Epilepsy, eclampsia, catalepsy, and chorea (St. Vitus' dance) are all disorders of the nerve centres, and are associated with eccentric muscular action, and often with derangement of consciousness, but horses are very rarely attacked by any of them.

Epilepsy is a peculiar affection almost unknown in the horse, but not uncommon in the dog. The exact pathological conditions of the brain or spinal cord on which the intermittent attacks or epileptic fits depend are not known. It is even uncertain whether the origin of the malady is centred in the brain or spinal cord, although recent experiments lend considerable force to the view of the brain rather than the spinal cord being the seat of the derangement. Characteristic epileptic fits may be produced in dogs while under chloroform after complete disconnection of the brain from the spinal cord. Injection of a minute dose of absinthe into the circulation in an animal thus prepared is quickly followed by all the signs of epilepsy, and dogs utter maniacal cries, which, of course, are purely the result of reflex action, the dog being at the time unconscious.
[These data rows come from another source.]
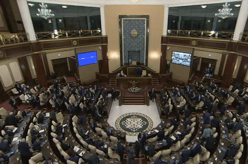Проект закона «О внесении изменений и дополнения в Конституцию Республики Казахстан» был рассмотрен на совместном заседании палат парламента в первом и втором чтениях и одобрен депутатами единогласно.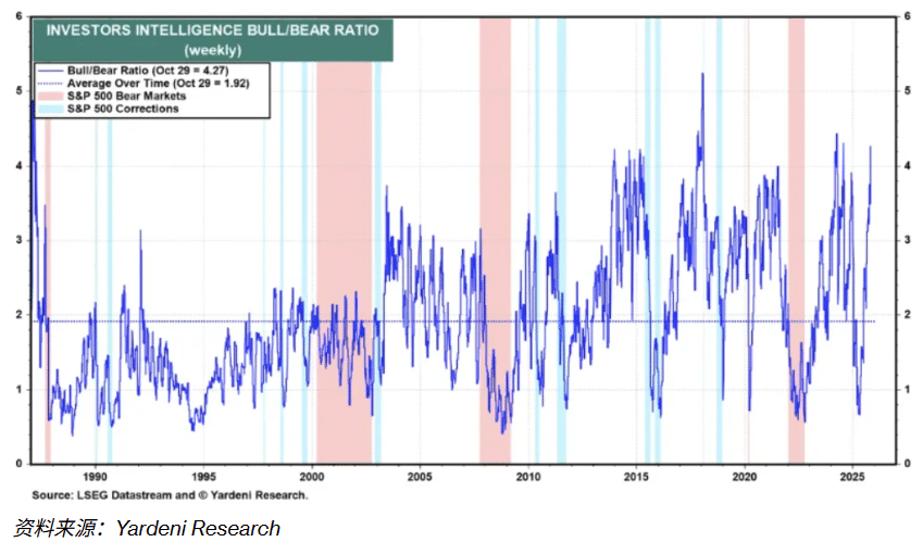 从一项指标来看,投资者当前的看涨情绪达到一年来最高。亚德尼研究公司的分析显示,在投资者情报 (Investors Intelligence) 对通讯作者进行的截至 10 月 29 日当周的调查中,看涨者与看跌者的比例升至 4.27——突破了 4.00 这一历史上标志情绪过度狂热的阈值。另一项显示乐观情绪升温的信号来自美国个人投资者协会 (AAII) 的周度散户调查:过去 7 周中,看涨情绪有 5 次超过 37.5% 的历史均值。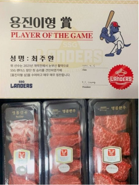 선수들 위해서 직접 '용진이형 상' 만들어서 격려 하는거보면

The Symptoms of an epileptic fit are well known. Usually there is no marked premonitory sign of an approaching attack. An animal in a state of health, apparently, may suddenly reel and fall over on its side, in the case of a dog uttering cries which soon cease, while the whole muscular system is in a state of convulsive action. Urine and faeces are involuntarily discharged; a quantity of foam collects about the mouth. In a short time the convulsions cease and the animal regains consciousness, and is soon restored to its ordinary condition, showing no further symptoms of illness until the sudden occurrence of another fit.

Considering the great difficulty of disconnecting severe forms of megrims in the horse from epilepsy, it is not remarkable that some writers record cases of equine epilepsy. It is, however, rarely if ever the case that the horse suffers from this disease, and certainly not in that typical form in which it is seen in the dog.

Several forms of epilepsy are described by writers, for example, spontaneous, symptomatic, traumatic, and reflex epilepsy, and in all these the attack may be serious or benign. Spontaneous epilepsy is the result of functional disturbance of the brain, amounting to general irritability, which disposes the subject to an attack under trifling influences, such as fear or any kind of mental excitement. Horses are said to have suffered when alarmed by a display of fireworks, or the passing of a train, or from suddenly passing from a subdued to an intense light. Symptomatic epilepsy is the form of the disease which is associated with structural changes in the central nervous system, as thickening of the membranes of the brain, deposits of pus, or the presence of parasites. Traumatic epilepsy is due to injury, as, for example, blows upon the cranium causing compression of the nerve structures from effusion of blood or the depression of the bony boundaries of the cavities in which the brain and spinal cord are contained. Reflex epilepsy may occur in consequence of irritation affecting the terminal branches of nerves in remote parts. Such irritation depending upon pressure exercised by foreign bodies, irritation caused by parasites in the digestive organs, affections of the mouth due to the changes which occur in course of dentition. All the above forms of epilepsy, when connected with special liability to nervous excitement, may be considered as hereditary.